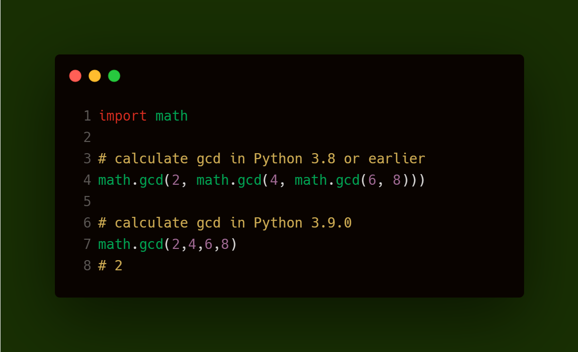 对现有的数学函数进行了修改。在早期版本中,计算GCD的函数只接受两个数字。但现在,它可以应用于任何数量的值。
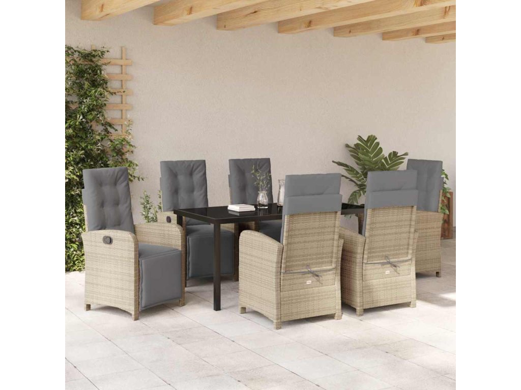 Zahradní jídelní souprava s polštářem 7 pcs Béžová polyratan 3380341
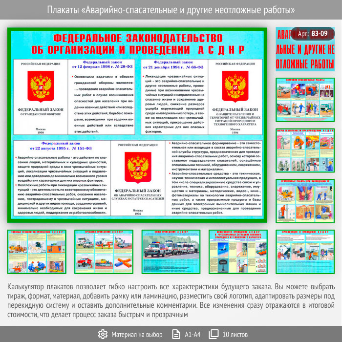 Плакаты «Аварийно-спасательные и другие неотложные работы» (ВЗ-09, 9 листов) в Пушкино купить
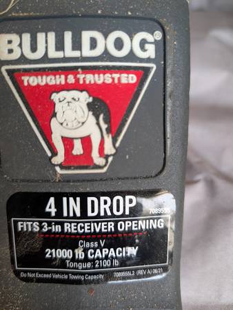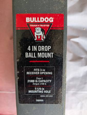Bulldog Heavy Duty Trailer Hitch Ball Mount, Fits 3 In. Receiver, 4 In. Drop. This is a new hitch never used. Class V 21,000# capacity. . Delivery available. Price is $125.00 cash. Located near Osceola, Iowa 50213. Please call F!VE 0ne F!VE - F0UR N!NE 0ne - 3 S!X 3O. No text. No email.
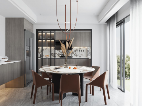 餐厅空间——灰色系的柜面与暖咖色的餐椅成为了视觉的核心色彩,流畅的金属线条与木质纹理共同营造出立体感,带来不动声色的精致,餐厅空间的细腻美感也随之蔓延开来;冷暖材质的对比,相互衬托,盘活了整个空间的灵韵。
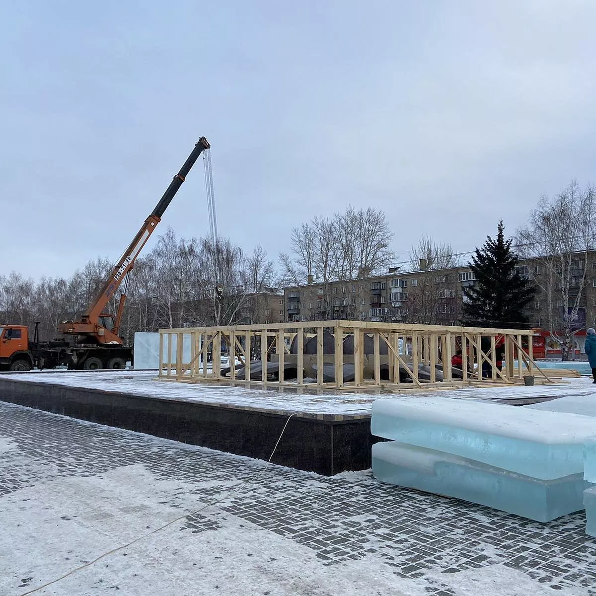 На площади Трудовой Славы вовсю развернулись работы по строительству зимнего городка.

⁂

Exercise prompt —
Look above for the line containing "в Пушкино купить", then retype it and each line after it to the end of the records, exactly and without pictures.

Response for this exercise —
 Плакаты «Аварийно-спасательные и другие неотложные работы» (ВЗ-09, 9 листов) в Пушкино купить
Bulldog Heavy Duty Trailer Hitch Ball Mount, Fits 3 In. Receiver, 4 In. Drop. This is a new hitch never used. Class V 21,000# capacity. . Delivery available. Price is $125.00 cash. Located near Osceola, Iowa 50213. Please call F!VE 0ne F!VE - F0UR N!NE 0ne - 3 S!X 3O. No text. No email.
 餐厅空间——灰色系的柜面与暖咖色的餐椅成为了视觉的核心色彩,流畅的金属线条与木质纹理共同营造出立体感,带来不动声色的精致,餐厅空间的细腻美感也随之蔓延开来;冷暖材质的对比,相互衬托,盘活了整个空间的灵韵。
 На площади Трудовой Славы вовсю развернулись работы по строительству зимнего городка.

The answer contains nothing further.